Aryeh with Pita
Always in tie-dye, this time on a camel
Summer 2012, Israel
For well over three years, my son Aryeh fought the fight of his life. As he struggled between life and death at times, I began to see the world through renewed eyes. Our family felt virtually alone as we dealt with the daily agony of our teenage son and Dovi's brother. We navigated each day with endurance, yet we were in pain too.
While the darkness felt impermeable at times, it wasn't. There were so many angels that entered our lives, sometimes for a moment and some of them are still active in our lives to this day. There were friends cooked our food, others that created a fund to offset the costs of Aryeh's medical bills, and still others that were there at the drop of a hat. Some of our closest friends couldn't be present, but virtual strangers opened up their arms to help. We felt surrounded by love so much of the time.
One of the most loving acts came the day we came home from Aryeh's first brain surgery. We had been forced out of the hospital too soon because the "only" bed available was in a room with another teenage boy who couldn't stop screaming due to his own agony. The boy's screaming paralyzed our son in so many ways. While we were in the hospital someone was supposed to come over with food and fill our refrigerator, but she became too anxious because of our significant food allergies/needs and instead brought nothing. We came home physically and emotionally wiped to no food; it shouldn't have been a big deal, but it was. Aryeh was not ready be home and we were all in pain. I remember Michael, Aryeh's father, calling our friends Paula and John; he was so distraught at what was going on and they rushed over with enough food to sustain us for days. They looked at their house and used all the food they had and then some to prepare for our needs. Paula and John continued to cook for us for years and probably would continue if we lived a little closer. :)
Following this day, our friend Wicca (and maybe someone else) organized all of our food for months and months. People took care of us; they tried to take care of Aryeh. Aryeh was too sick; it was years before he was ok. Later we needed to go from Washington, DC to Los Angeles and people helped us every step of the way. We couldn't have made it emotionally, physically, or financially if people weren't there. One special angel was my friend Miriam who was with me as Aryeh quite literally fought for his life in an LA hospital and then opened up her home for us to stay for weeks following surgery.
Every step of the way, people were there.

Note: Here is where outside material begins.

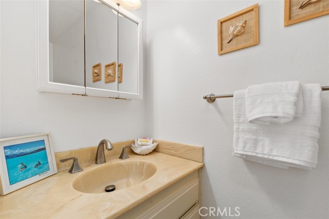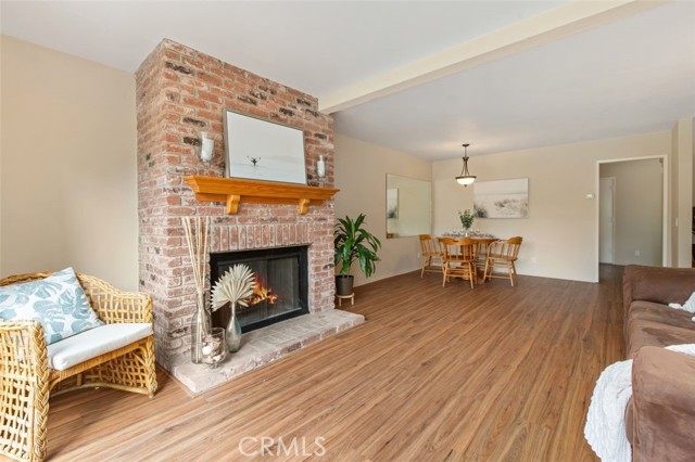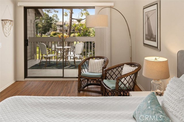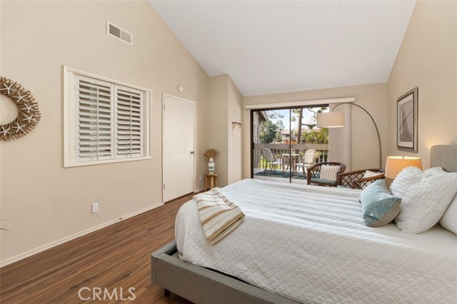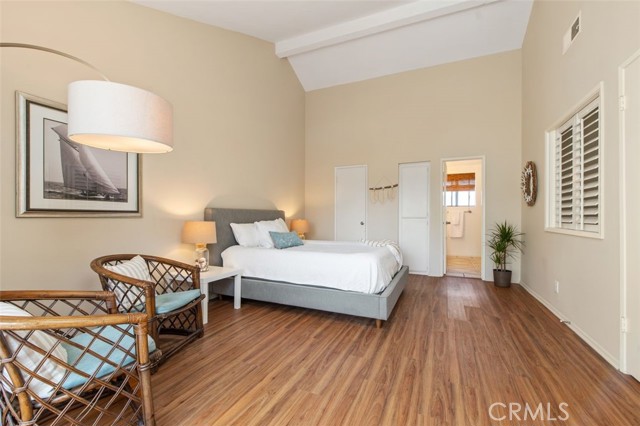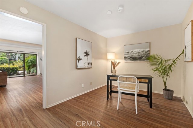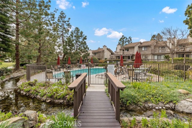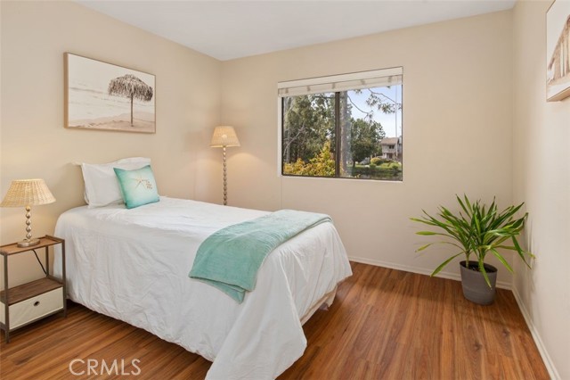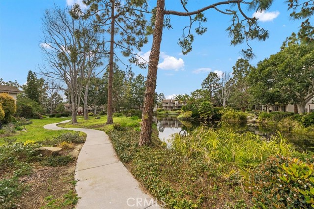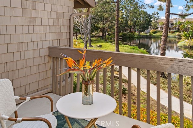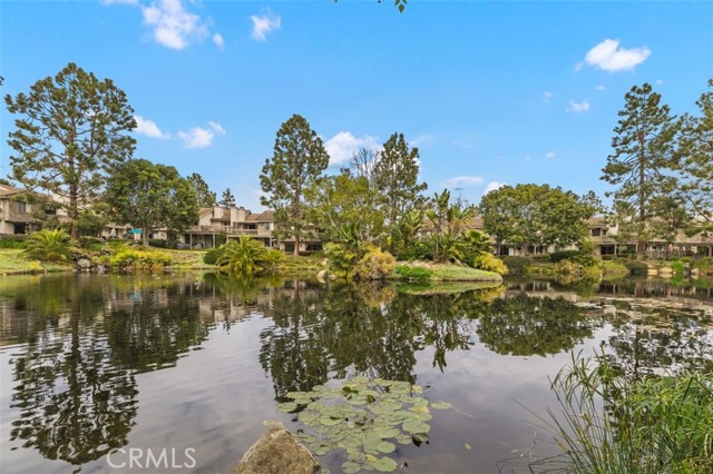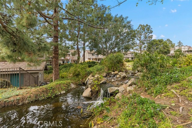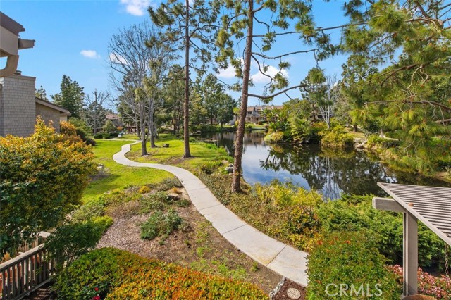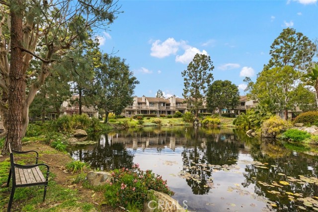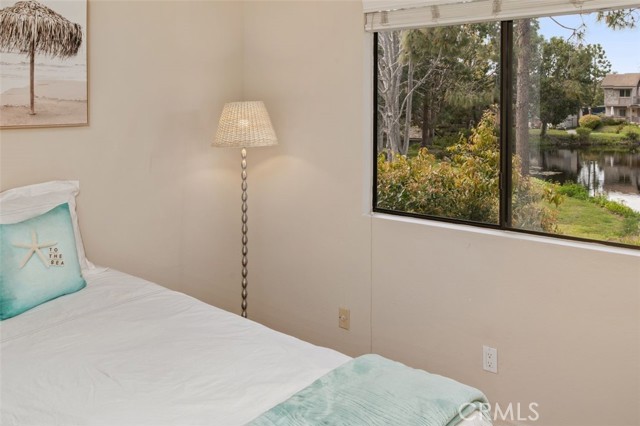Opportunity on the Upper Pond ~ Prime location, cozy, private home, a comfortable retreat in this exclusive small gated community, with front row views of peaceful Mill Pond from living room, kitchen, breakfast nook and bedrooms. A quiet escape: hear the crickets, birds, babbling creek & pond, ducks, and feel the gentle breezes. Laminate flooring on both levels, with tile in the entry foyer and lower bathroom. Dining room, living room, kitchen & nook on lower level plus an office or art studio area space with a half-bath making the optionality for a work-life balance easy. Main bedroom is larger with a walk-in closet and looks towards a large deck with sliding glass doors, providing light and great views. The master bathroom has a large tub shower and two double sinks. Second bedroom has views of the outdoor park-like setting and next to the second full bathroom. From your living room, view the secluded back patio that opens to a strolling path around the greenbelt surrounding old Mill Pond. Additional storage area under the stairwell, with garage shelving, plus a laundry area with hook-ups in the garage. Central air, lush landscaping, and a gated community that boasts a pool, picnic area and lush grounds. Close to beaches, Pines Park, all that the fashionable Capo Beach lifestyle offers: Outdoor living, beaches, a vibrant community life, shopping, restaurants with easy access to highways, open space, adventures and activities. See Top-Ten list in Supplements. Gated community, lots to envy in this unique area nestled amongst multi-million-dollar custom homes. Don’t miss this opportunity on the Upper Pond.

Our friend John and his sons opened up their home to Dovi. Dovi must have stayed at their house for weeks if not months during Aryeh's illness. They never asked for a dime; John just assumed he had three sons. And later when were able to celebrate Aryeh's life, John and his housemate Patrick, opened up their home so that we could have a Celebration of Life Party in honor of Aryeh's recovery.
Amy gave and gave in so many ways; as did our friends Stuart and Lisa. Idie and Tamar came for the holidays so that we would have the holidays; Pesach was the hardest, but you would have never known because of how they chipped in to take care of us in every way. People were coming out of the woodwork to help support us through hell.
A few friends drove two hours to the hospital to drop off food even though we couldn't be with them. Some people drove Dovi to and from where he needed to go. A couple of Marines dropped off a large screened TV because Michael went on Freecycle and shared our story. When Aryeh came home initially after the first surgery, he struggled to see; these two strangers gave us a TV so Aryeh would be able to see it. And then they stayed and just hung out with our teenage son.
Simple acts of kindness go a long way.
In those years of serious illness, I learned that a smile makes a difference. A hug can make everything better if only for a moment. A pack of colorful, silly tissues are worthy of having in your hand. A box of citrus chamomile tea warms your heart. Mandalas made by friends and strangers surrounded our family with healing powers while hundreds of my Jewish Educator friends from all over the world sang a healing song for Aryeh as struggled in ICU for his own healing.
We were surrounded by love and care. Aryeh's friends made him tie-dye sheets that are still with him to this day; in fact, we made sure he was wrapped in his sheets even as he laid intubated after his second surgery. Nothing about this time was easy, but we made it through because of simple acts of kindness by some of our closest friends as well as some strangers. Some made time to sit with us and be present sometimes in silence and sometimes to play games. Others made sure our daily needs were met. The bottom-line is that even when we felt alone, we weren't alone, not really.
Each and every act made a difference. Strangers, friends, loved ones sustained us when we had little hope. And new friends joined us as we healed. I will forever be grateful for Adat Shalom Reconstructionist Congregation where I worked during the beginning of Aryeh's illness and Bethesda Jewish Congregation where I worked during the healing years. Both communities were loving, kind, and present when our family needed them.
Simple acts of kindness allowed us to focus on healing from what could have been a tragedy.
May each of us be blessed to touch another's life for good! May we remember that we can make a difference when we choose to step up to the plate.